The IDFA Awards for Best Film and Best Editing for polish ‘Trains’

Polish documentary ‘Trains’  directed by Maciej J. Drygas has won the IDFA Award for Best Film in the International Competition. The film also received the IDFA Award for Best Editing in the International Competition which went to Rafał Listopad. 

The Jury statement for IDFA Award for Best Film: 

The jury was unanimous. This is a bold and inventive use of archive. The film shows us routes to the positive and negative consequences of modern industrial innovation. It harnesses the magic of cinema and as an audience we are haunted by our present historical time, even while we bear witness to the past. The IDFA Award for Best Film goes to Trains by Maciej J. Drygas.

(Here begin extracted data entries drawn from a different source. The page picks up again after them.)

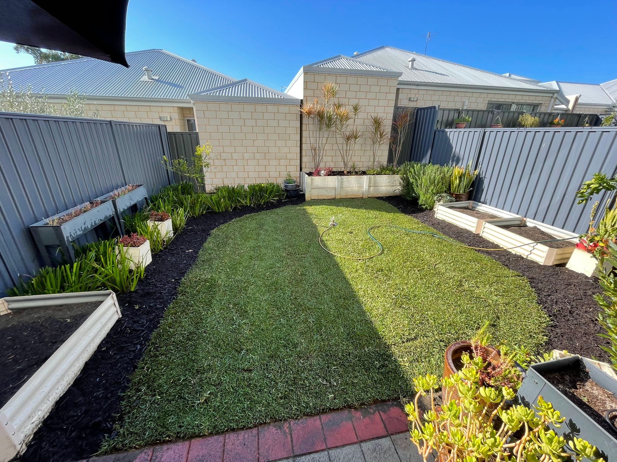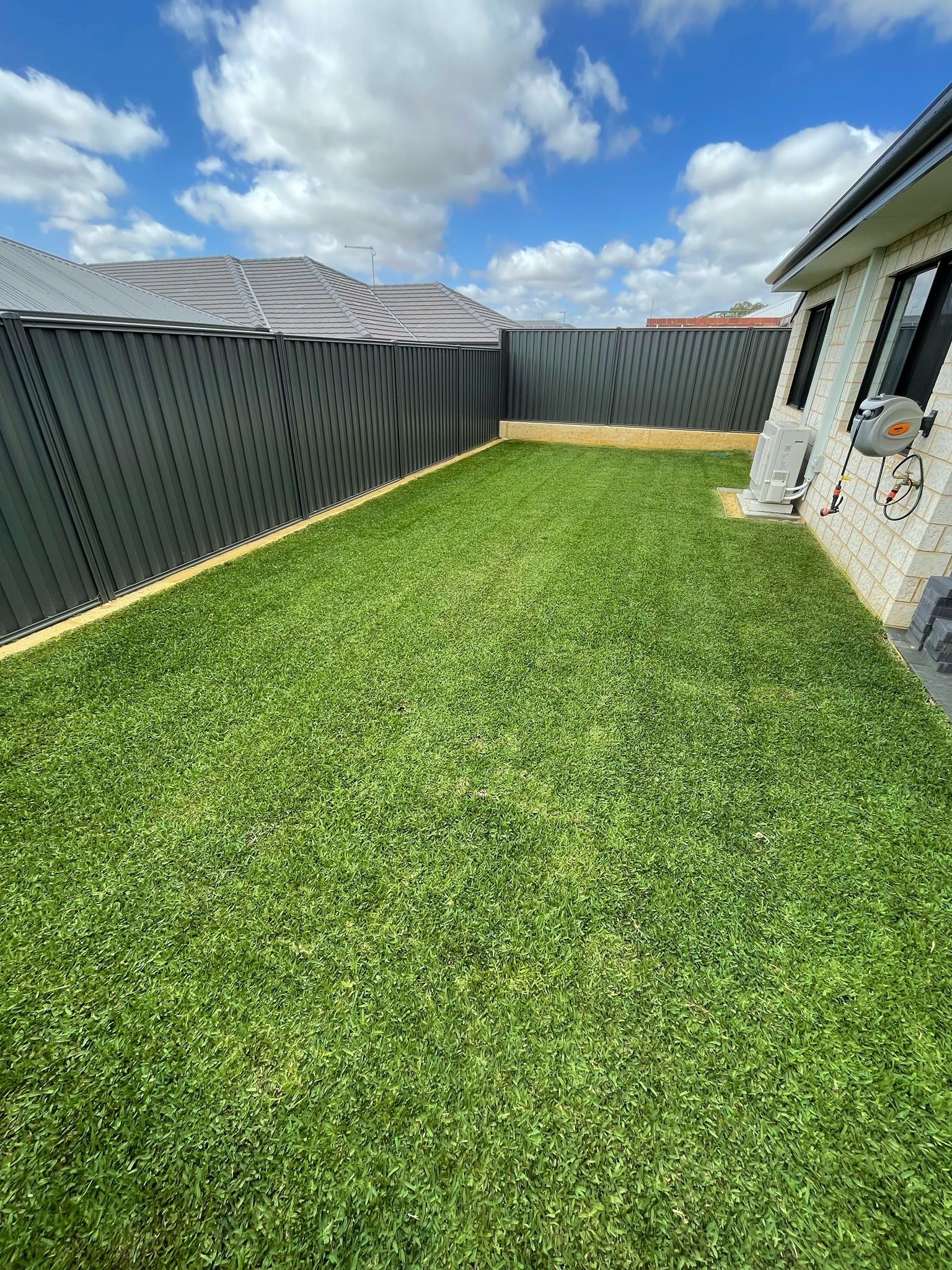 We gave this outdoor space a fresh update with a new lawn and a clean, well-defined garden bed. The lush turf adds life and colour, while the mulched bed brings texture and balance. The result is a tidy, inviting landscape that's both simple and low-maintenance.
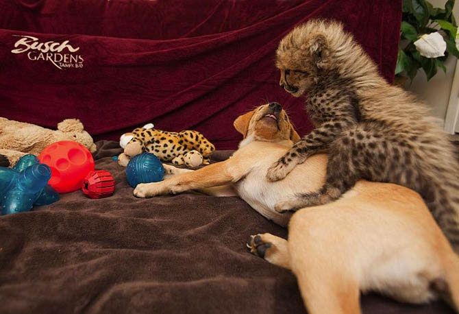 В национальном парке Флориды живут двое необычных друзей – гепард Каси и лабрадор Мтани. Маленький гепард остался сиротой, и в зоопарке решили подружить его с щенком лабрадора. С тех пор прошел уже год, а эта парочка до сих пор неразлучна.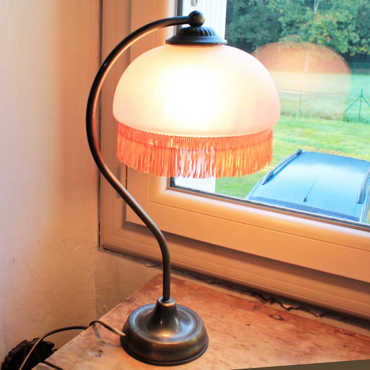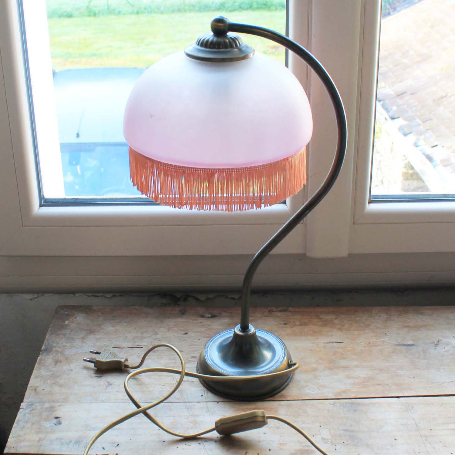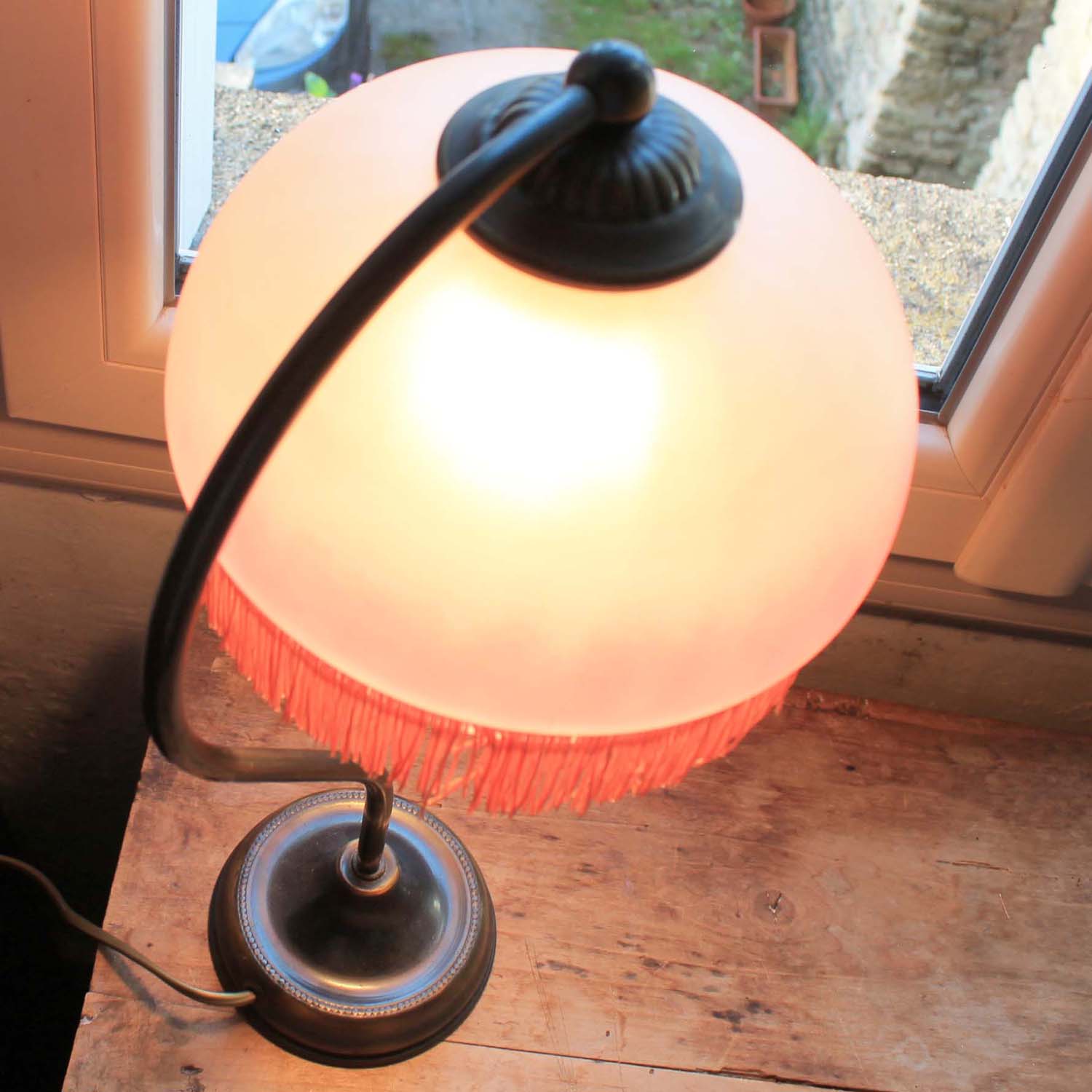 古いチテーブルランプ。傘はガラス製です。電球はE27になります。古いものなので多少の汚れ、傷があります。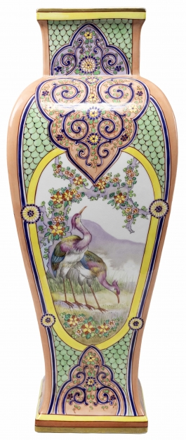05.17 Vas ornamental, secțiune pătrată, decor cu aur, porțelan pictat, marcat Samson, H 55cm, Franța, sf.sec.XIX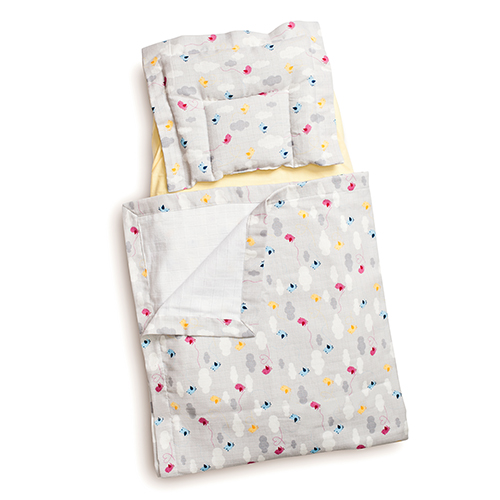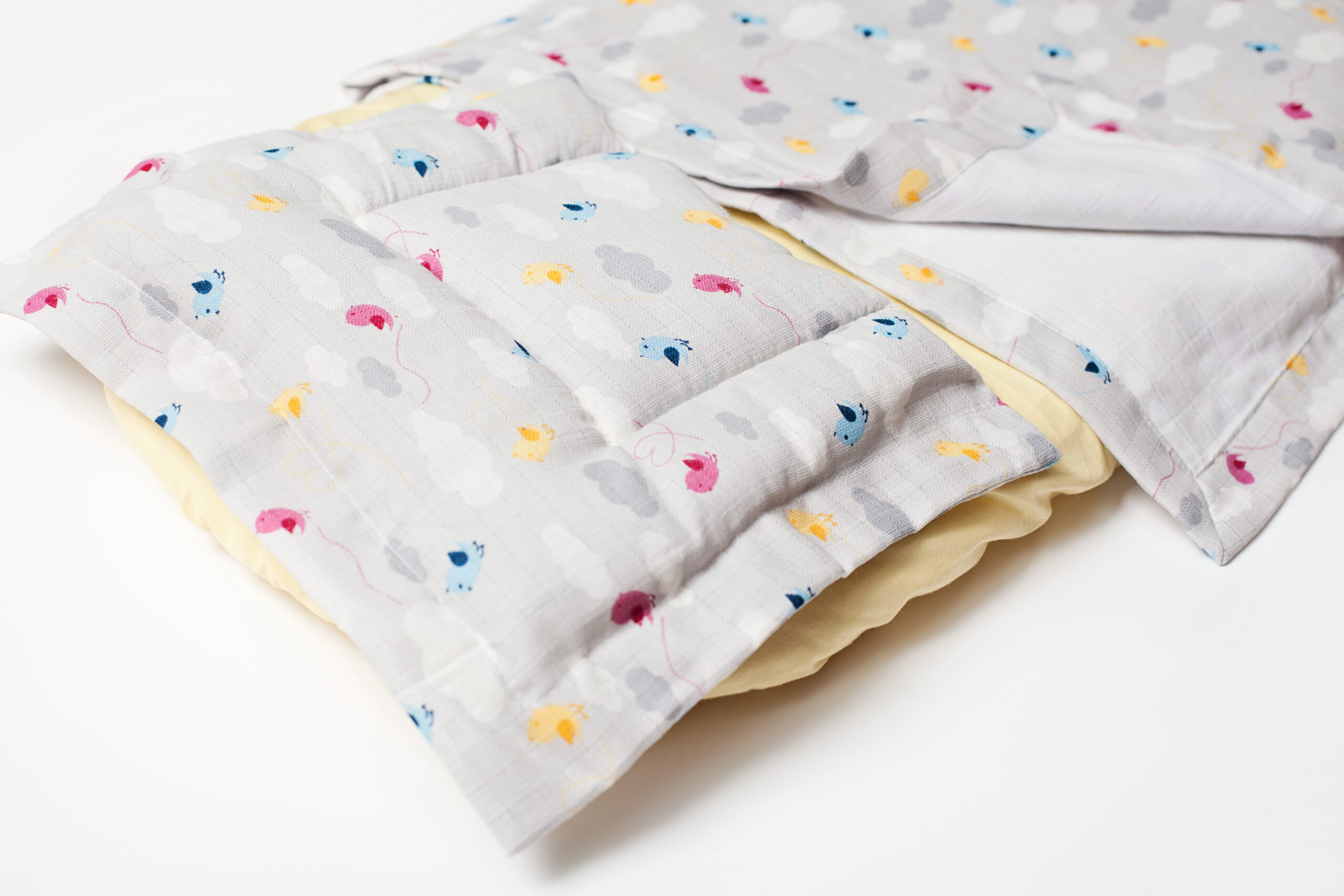 Набор в коляску Twins Birds изготовлен из муслина и содержит в себе 3 элемента: плед, подушку и наматрасник на резинке для матрасика в коляске). Размер элементов универсальный и подойдет для любой стандартной коляски. Удобная подушка позволит малышу комфортно чувствовать себя во время прогулки, крепко спать на свежем воздухе.

The Jury statement for the IDFA Award for Best Editing: 

This film was masterfully edited. Both image and sound took us on a journey moving seamlessly through time. The film confronts us with history both subtly and with exacting precision and without a single word of dialogue. The IDFA Award for Best Editing goes to Trains by Maciej J. Drygas.”

Synopsis

Trains opens with a quote from Franz Kafka: “There is plenty of hope. An infinite amount of hope. But not for us.” These words hang like a dark cloud over this found footage documentary, which creates a collective portrait of people in 20th century Europe, capturing their hopes, desires, dramas, and tragedies.
Powerful scenes showing steam locomotives and railroad cars being assembled feel like a celebration of human ingenuity and labor. People dressed in festive attire embark on a rail journey. But these cheerful scenes soon make way for military transport: soldiers being deployed to the frontlines—quickly followed by civilians evacuating, a procession of ragged prisoners-of-war, and amputee soldiers. 
Times change, the pattern repeats. The archival material in this wordless film evokes an inevitable cycle of delight and destruction, beauty and bitterness. The image of a tangle of railroad tracks and switches raises the inevitable question: Which route will humanity choose?